**YOUR ASSIGNMENT**. Print this span of the material below exactly: the line with "The competitive stakes", the line with "Hand Stitched Aim", and every line between them, but nothing else.

**DATA TO USE**.
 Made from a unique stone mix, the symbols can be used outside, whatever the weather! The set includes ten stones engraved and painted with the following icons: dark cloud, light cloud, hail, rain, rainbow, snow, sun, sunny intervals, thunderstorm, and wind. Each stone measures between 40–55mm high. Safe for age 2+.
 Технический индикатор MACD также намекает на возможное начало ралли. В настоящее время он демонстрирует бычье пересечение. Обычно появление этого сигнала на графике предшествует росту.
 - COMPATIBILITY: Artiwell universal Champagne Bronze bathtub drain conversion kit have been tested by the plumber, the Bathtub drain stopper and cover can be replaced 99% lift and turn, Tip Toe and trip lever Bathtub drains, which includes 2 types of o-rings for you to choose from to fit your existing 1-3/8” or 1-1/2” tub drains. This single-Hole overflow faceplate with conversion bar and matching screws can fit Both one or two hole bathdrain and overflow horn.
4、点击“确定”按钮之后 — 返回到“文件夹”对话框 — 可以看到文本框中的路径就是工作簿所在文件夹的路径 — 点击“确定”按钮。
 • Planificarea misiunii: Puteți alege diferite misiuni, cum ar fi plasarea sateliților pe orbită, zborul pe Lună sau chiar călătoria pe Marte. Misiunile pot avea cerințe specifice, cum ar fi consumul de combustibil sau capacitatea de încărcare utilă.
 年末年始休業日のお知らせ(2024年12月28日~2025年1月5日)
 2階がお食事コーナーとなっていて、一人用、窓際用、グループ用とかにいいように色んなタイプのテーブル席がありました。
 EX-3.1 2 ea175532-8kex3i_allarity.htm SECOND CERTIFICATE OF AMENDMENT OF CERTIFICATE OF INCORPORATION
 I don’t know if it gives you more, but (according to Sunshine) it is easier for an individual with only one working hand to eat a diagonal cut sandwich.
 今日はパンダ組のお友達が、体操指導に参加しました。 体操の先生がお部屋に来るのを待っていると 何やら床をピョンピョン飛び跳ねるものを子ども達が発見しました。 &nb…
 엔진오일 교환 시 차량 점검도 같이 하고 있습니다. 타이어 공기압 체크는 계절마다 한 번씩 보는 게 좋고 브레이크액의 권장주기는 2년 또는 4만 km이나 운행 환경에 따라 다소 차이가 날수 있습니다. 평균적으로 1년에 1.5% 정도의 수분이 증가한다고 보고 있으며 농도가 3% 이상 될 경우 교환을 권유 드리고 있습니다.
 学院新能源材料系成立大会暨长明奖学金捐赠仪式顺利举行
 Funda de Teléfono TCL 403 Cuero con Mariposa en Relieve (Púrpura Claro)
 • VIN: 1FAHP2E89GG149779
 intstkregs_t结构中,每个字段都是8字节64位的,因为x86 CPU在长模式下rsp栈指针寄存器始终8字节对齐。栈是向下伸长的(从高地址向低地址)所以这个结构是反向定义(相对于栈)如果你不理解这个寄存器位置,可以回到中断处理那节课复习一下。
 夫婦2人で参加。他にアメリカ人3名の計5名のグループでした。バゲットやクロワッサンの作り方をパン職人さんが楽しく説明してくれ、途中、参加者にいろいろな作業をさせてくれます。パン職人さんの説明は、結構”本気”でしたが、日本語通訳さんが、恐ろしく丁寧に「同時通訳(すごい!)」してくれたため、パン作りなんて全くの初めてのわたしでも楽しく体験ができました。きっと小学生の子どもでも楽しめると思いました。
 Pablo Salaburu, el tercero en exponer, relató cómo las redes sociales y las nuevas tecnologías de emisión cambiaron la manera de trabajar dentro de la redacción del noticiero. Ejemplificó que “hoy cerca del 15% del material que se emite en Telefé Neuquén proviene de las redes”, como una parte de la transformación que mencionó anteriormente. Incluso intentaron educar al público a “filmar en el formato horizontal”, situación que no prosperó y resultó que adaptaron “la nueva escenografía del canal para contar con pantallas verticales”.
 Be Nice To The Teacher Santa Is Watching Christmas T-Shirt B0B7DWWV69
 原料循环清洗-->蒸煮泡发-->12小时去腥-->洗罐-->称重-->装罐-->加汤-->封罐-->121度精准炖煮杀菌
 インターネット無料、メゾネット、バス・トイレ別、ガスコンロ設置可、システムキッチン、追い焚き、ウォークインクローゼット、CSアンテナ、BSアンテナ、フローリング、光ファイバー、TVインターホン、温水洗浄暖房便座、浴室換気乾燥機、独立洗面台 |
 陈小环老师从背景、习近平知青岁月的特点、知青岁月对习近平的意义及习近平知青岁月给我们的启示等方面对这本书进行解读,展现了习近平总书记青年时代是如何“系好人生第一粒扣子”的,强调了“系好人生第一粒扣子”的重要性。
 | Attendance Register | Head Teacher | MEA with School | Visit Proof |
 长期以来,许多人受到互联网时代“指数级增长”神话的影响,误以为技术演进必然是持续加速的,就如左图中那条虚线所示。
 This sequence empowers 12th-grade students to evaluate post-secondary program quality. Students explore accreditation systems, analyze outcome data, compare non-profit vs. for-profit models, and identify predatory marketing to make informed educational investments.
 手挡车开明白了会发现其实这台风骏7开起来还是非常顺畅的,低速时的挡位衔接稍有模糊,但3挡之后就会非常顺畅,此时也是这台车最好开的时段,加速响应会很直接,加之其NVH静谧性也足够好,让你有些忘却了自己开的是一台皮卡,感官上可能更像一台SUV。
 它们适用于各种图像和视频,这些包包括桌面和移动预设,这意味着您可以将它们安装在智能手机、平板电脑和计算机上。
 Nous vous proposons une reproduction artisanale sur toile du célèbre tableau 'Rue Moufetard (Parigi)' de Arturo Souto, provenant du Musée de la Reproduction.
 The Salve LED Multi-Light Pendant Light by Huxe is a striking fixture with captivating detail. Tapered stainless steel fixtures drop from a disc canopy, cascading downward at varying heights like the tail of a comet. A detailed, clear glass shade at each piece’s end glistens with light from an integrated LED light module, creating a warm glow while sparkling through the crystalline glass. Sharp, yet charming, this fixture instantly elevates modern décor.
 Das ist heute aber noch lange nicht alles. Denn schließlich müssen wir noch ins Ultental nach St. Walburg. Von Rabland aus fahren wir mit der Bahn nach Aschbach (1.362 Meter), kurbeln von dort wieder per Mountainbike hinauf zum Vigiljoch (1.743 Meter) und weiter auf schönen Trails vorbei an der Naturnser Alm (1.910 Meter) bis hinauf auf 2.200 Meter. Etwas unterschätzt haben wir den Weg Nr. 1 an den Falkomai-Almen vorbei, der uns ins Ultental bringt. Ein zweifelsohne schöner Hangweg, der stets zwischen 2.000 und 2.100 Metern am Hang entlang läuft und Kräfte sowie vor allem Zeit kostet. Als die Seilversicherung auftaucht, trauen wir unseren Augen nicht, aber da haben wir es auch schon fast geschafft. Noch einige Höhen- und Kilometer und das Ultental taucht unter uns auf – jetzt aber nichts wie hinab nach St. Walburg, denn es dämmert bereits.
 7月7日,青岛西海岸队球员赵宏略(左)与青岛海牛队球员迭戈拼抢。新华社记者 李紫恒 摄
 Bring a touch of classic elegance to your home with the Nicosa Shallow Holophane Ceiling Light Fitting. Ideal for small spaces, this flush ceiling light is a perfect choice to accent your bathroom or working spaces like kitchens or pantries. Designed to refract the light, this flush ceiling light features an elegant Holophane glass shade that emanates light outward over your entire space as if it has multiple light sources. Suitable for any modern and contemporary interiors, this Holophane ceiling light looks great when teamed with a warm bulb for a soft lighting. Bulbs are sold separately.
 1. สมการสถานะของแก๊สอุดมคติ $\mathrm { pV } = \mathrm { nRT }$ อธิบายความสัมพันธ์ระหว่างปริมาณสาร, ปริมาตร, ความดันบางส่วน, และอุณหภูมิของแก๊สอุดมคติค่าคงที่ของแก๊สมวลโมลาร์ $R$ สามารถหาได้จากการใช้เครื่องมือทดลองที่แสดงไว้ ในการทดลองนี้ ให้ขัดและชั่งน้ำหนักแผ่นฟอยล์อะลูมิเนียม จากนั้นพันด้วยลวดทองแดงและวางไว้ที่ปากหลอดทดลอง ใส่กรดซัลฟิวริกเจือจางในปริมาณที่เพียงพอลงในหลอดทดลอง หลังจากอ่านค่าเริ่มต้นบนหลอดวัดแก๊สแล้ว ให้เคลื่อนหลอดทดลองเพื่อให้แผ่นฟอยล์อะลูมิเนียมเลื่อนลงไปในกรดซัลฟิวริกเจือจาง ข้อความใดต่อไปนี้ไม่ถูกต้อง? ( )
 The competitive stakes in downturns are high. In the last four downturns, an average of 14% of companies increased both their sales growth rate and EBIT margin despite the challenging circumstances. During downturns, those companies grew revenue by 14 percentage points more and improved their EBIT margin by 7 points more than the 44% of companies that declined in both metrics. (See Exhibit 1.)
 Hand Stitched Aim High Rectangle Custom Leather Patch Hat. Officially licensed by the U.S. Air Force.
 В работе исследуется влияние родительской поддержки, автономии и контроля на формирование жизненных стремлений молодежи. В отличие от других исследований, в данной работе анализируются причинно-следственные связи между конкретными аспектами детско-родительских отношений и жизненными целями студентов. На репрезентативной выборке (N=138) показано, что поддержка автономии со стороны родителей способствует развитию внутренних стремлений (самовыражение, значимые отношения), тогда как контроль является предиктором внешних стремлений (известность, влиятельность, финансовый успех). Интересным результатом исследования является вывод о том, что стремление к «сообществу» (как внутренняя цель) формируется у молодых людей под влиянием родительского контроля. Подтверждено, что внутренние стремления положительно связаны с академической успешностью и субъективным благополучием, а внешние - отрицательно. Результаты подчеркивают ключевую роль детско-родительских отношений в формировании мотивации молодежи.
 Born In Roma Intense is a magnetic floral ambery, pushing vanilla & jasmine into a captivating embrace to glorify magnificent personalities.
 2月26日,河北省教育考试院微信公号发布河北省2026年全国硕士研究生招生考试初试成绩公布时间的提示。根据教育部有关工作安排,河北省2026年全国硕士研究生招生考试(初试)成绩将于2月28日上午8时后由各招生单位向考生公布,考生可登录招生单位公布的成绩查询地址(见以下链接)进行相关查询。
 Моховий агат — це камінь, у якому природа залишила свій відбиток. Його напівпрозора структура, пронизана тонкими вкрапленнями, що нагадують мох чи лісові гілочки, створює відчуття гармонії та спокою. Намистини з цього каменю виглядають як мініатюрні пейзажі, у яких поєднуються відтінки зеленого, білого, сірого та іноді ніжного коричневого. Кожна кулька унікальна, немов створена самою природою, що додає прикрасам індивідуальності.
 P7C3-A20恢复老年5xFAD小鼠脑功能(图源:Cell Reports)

**EXERCISE OUTPUT**.
 The competitive stakes in downturns are high. In the last four downturns, an average of 14% of companies increased both their sales growth rate and EBIT margin despite the challenging circumstances. During downturns, those companies grew revenue by 14 percentage points more and improved their EBIT margin by 7 points more than the 44% of companies that declined in both metrics. (See Exhibit 1.)
 Hand Stitched Aim High Rectangle Custom Leather Patch Hat. Officially licensed by the U.S. Air Force.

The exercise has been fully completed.